Using the data below, set down every line from the one containing "In questa sezione" through the one containing "深业云筑,位于深圳市光明区公", inclusive and unchanged. Pictures are to be skipped.
++++ INFORMATION PROVIDED
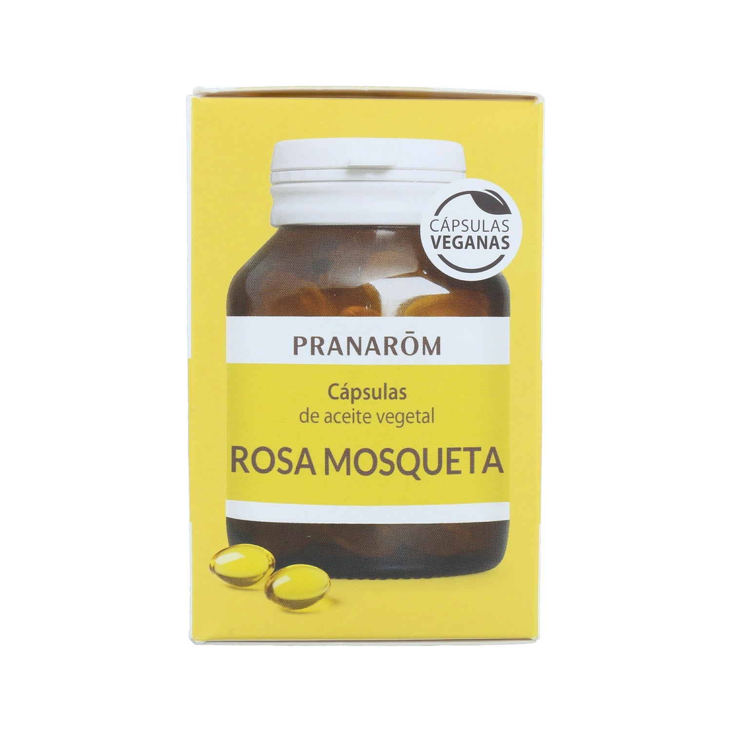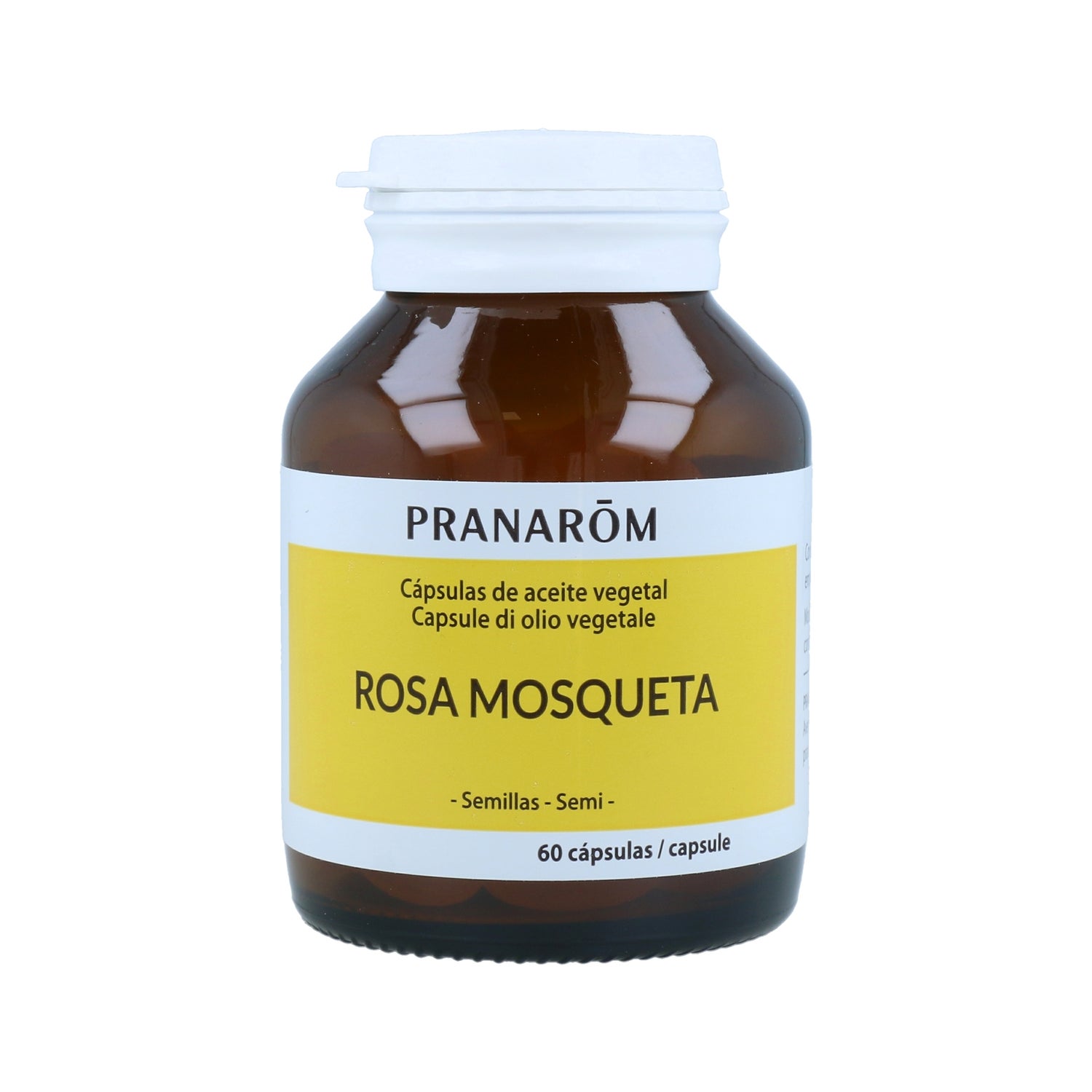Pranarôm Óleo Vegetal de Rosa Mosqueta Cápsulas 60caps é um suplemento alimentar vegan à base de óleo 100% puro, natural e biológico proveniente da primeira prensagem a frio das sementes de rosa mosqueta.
++++++++
++++ INFORMATION PROVIDED
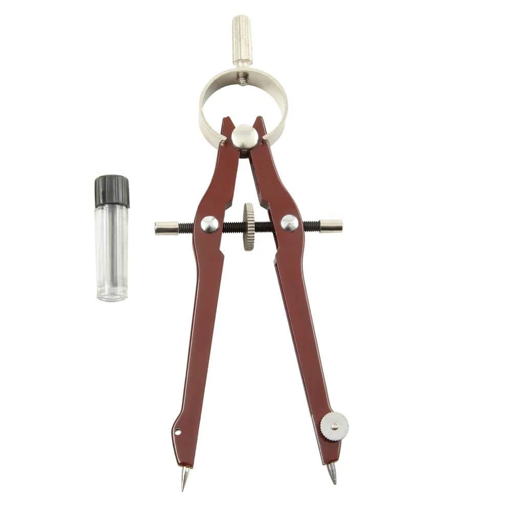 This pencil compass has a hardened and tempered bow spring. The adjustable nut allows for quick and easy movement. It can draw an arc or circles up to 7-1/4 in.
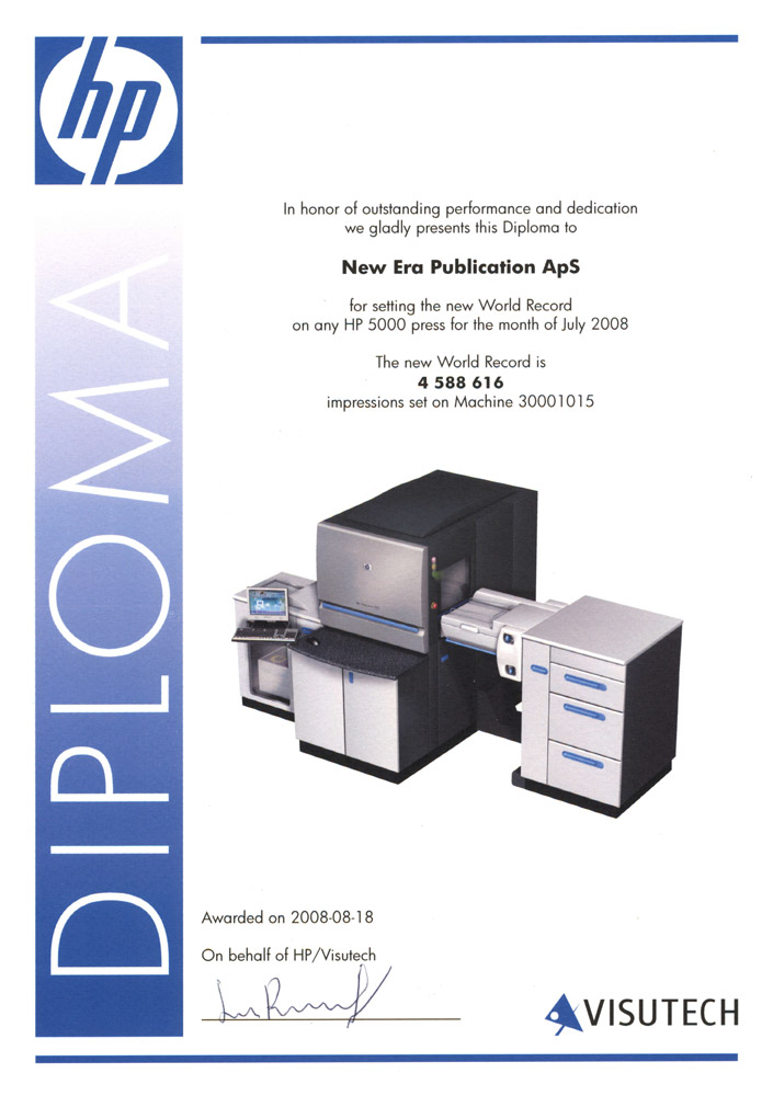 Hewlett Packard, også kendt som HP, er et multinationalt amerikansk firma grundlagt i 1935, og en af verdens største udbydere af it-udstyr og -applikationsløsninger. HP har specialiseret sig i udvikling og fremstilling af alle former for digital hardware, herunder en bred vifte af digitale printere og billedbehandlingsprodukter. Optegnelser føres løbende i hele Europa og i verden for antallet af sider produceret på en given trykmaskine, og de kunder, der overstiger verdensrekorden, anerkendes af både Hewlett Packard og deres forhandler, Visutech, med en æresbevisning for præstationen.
++++++++
++++ INFORMATION PROVIDED
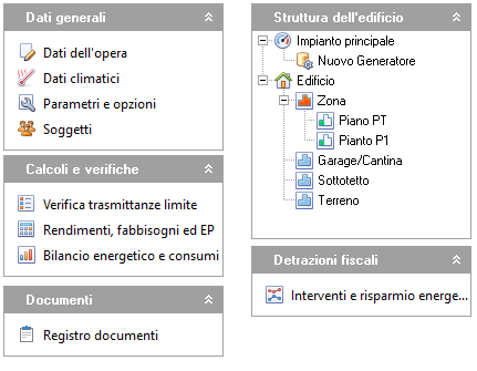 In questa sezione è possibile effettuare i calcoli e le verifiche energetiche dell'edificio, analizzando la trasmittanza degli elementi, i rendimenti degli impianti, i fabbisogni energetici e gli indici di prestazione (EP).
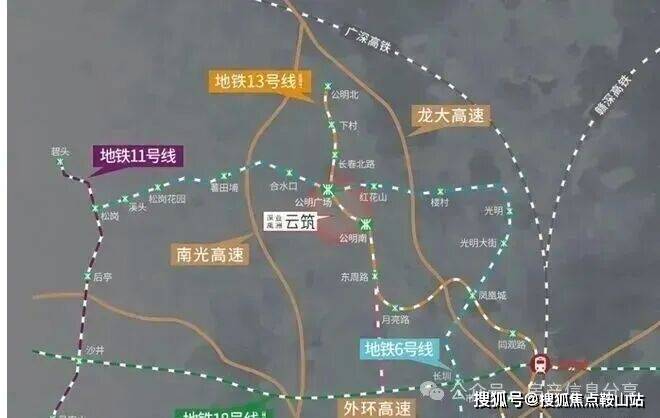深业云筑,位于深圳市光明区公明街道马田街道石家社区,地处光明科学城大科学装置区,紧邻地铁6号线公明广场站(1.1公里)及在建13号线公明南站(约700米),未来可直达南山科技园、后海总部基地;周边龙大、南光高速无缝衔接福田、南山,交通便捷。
++++++++
REPLY TO THE TASK
 In questa sezione è possibile effettuare i calcoli e le verifiche energetiche dell'edificio, analizzando la trasmittanza degli elementi, i rendimenti degli impianti, i fabbisogni energetici e gli indici di prestazione (EP).
深业云筑,位于深圳市光明区公明街道马田街道石家社区,地处光明科学城大科学装置区,紧邻地铁6号线公明广场站(1.1公里)及在建13号线公明南站(约700米),未来可直达南山科技园、后海总部基地;周边龙大、南光高速无缝衔接福田、南山,交通便捷。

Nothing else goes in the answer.